I use Nsight System to profile a CUDA program (compiled by nvcc) with the following command nsys profile --stats=true ./a.out
However, the output does not contain any useful information about the cuda kernel I wrote. The output is given in the following:
Generating CUDA API Statistics...
CUDA API Statistics (nanoseconds)
CUDA trace data was not collected.
Generating Operating System Runtime API Statistics...
Operating System Runtime API Statistics (nanoseconds)

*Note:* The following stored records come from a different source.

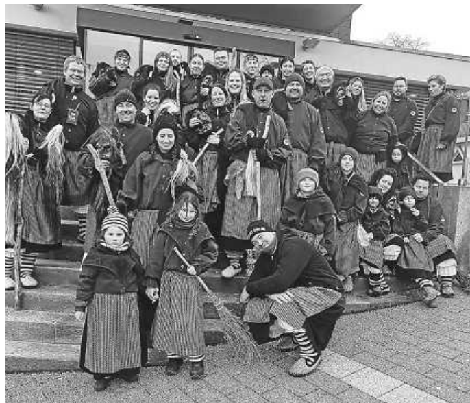
Fasnetmontag – Umzug in St. Georgen
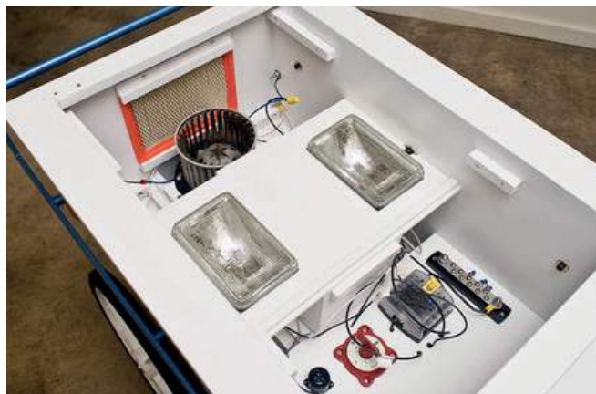
Figura 6: Para el diseño y fabricación de NeoNurture se usan piezas disponibles de vehículos locales
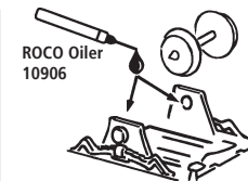
ROCO Oiler 10906

Les pièces de finition illustrées sont à monter par le modéliste. Le jeu de pièces peut comprendre d'autres pièces (non illustrées) qui sont destinées à autres versions du modèle et qui sont superflu à la variante présente.
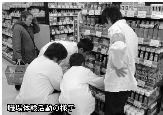
職場体験活動の様子
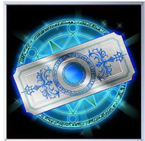
R以上確定ガチャチケット×20枚
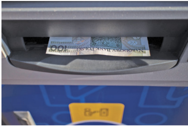
Obecnie jedyną możliwością wypłacenia pieniędzy w Zalesiu Górnym jest poczta przy ul. Wiekowej Sosny 60, nieczynna w weekendy
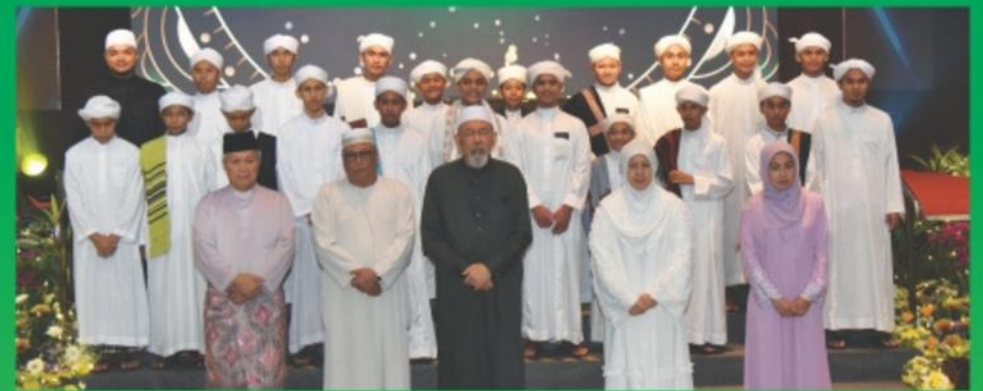
▲ Tuan Yang Terutama Tun Datuk Seri Panglima (Dr.) Haji Juhar bin Datuk Haji Mahiruddin menyampaikan sumbangan kepada 20 pelajar dari Madrasah Al Tahfiz Al Quran Nahdatul Ilmiah.
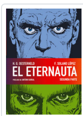
ETERNAUTA, 2 OESTERHELD, H.G.
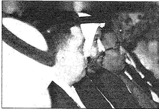
جانب من حضور جلسات منتدى التنافسية في يومه الأخير

تضيق الحنذي والمغامرة، فيجب أن توفر لهم البيئة المناسبة وتتعامل مع قضايا كبيرة في التعليم، وهذا ما تقوم عليه في جامعة الملك عبد الله للعلوم والتقنية، لتحقيق الانسجام بين التعليم والبحث والتعلم في مجالات الطاقة، فهذه عملية مشتركة، نحن نريد أن نصنع قادة ورواد لهذا المجتمع، لمتلائم روح المغامرة، فالعلم لا يؤدي للاختراع والإبداع، فنحن بالتأكيد لا بد أن نعمل على تطوير العلاقة بين العلم والبحث، وبالتالي تنمية روح الاستمرار".
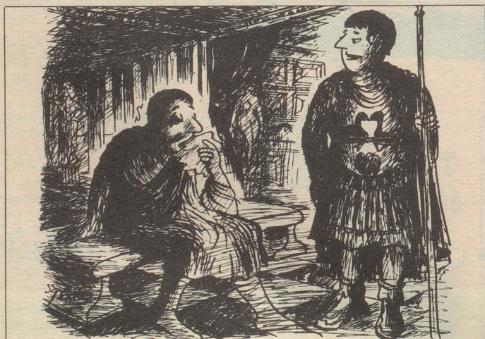
«Geduld, Geduld! Es ist nur eine Frage der Zeit, bis die Menschheit ein Mittel gegen den Schnupfen findet!»

Antwort: «Im Prinzip nein, aber wenn Sie schon fragen, werden Sie wohl bald mehr wissen.» H St
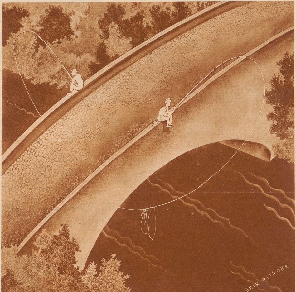
Die beiden Angler zugleich: «Aha, es beißt an!»

«Nein, absolut nicht. Ich sehe ausgezeichnet.» «Sitzest du nicht in Zugluft? Hat niemand in
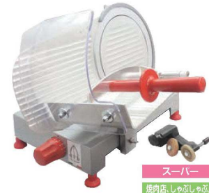
スーパー 焼肉店、しゃぶしゃぶ店

②ハムスライサー ページコード 商品コード 価格 AC-300S 4-0390-0201 6410600 ¥445,000 外寸:655×620×H490 電源:単相100V (50/60Hz) 248W 定格時間:40分 厚さ調整:1~13mm 重量:29kg 切断有効寸法:①150 ②220 ③330 作動方式:手動式 能力:1,000~1,500枚/h 用途:ハム、ベーコン、すき焼き、しゃぶしゃぶ(半冷凍)、野菜、タン
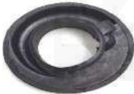
V-4805 SUPLEMENTO ESPIRAL TRASERO TRANSPORTER
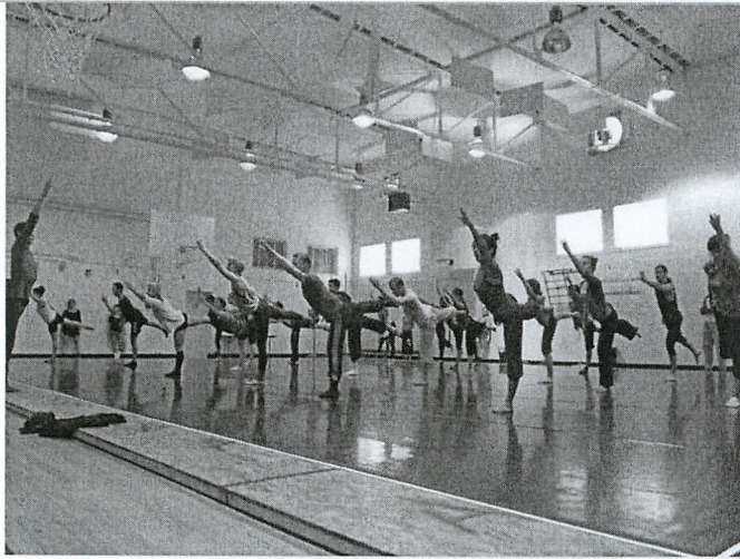
圖 5、Jesse Zaritt 的技巧課
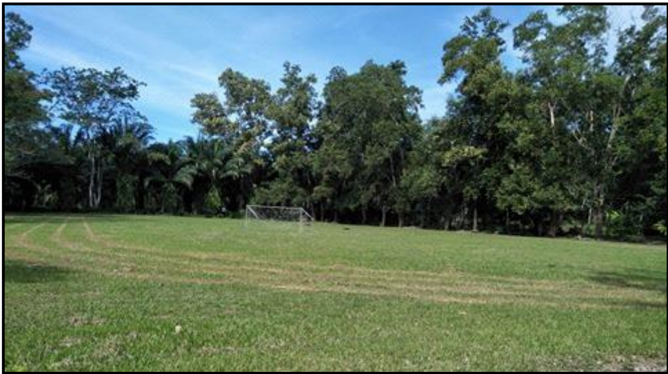
สนามฟุตบอล

Time(%) Total Time Calls Average Minimum Maximum Name
------- -------------- ---------- -------------- -------------- -------------- --------------------------------------------------------------------------------
65.2 300539226 14 21467087.6 24740 100154582 poll
25.2 116053432 717 161859.7 1011 29997630 ioctl
4.6 21346504 57 374500.1 1145 9892355 mmap
4.3 19886802 38 523336.9 1829 19521784 fopen
0.3 1194145 10 119414.5 17324 694206 sem_timedwait
0.1 608474 57 10675.0 4294 31110 open64
0.1 374910 1 374910.0 374910 374910 sem_wait
0.1 358942 3 119647.3 118941 120625 fgets
0.0 197620 3 65873.3 39925 116779 pthread_create
0.0 123217 31 3974.7 1690 7461 fclose
0.0 39858 11 3623.5 2294 6348 write
0.0 39444 11 3585.8 1279 6223 munmap
0.0 37736 4 9434.0 6129 16527 open
0.0 34602 13 2661.7 1220 5190 read
0.0 24693 4 6173.2 2601 13805 fread
0.0 16219 2 8109.5 1912 14307 fwrite
0.0 13166 7 1880.9 1005 4133 fcntl
0.0 12768 2 6384.0 5034 7734 socket
0.0 10715 1 10715.0 10715 10715 connect
0.0 6306 1 6306.0 6306 6306 pipe2
0.0 3811 1 3811.0 3811 3811 fflush
0.0 2267 1 2267.0 2267 2267 bind
Generating NVTX Push-Pop Range Statistics...
NVTX Push-Pop Range Statistics (nanoseconds)
How can nsys
display the statistics for the cuda kernel? Thank you!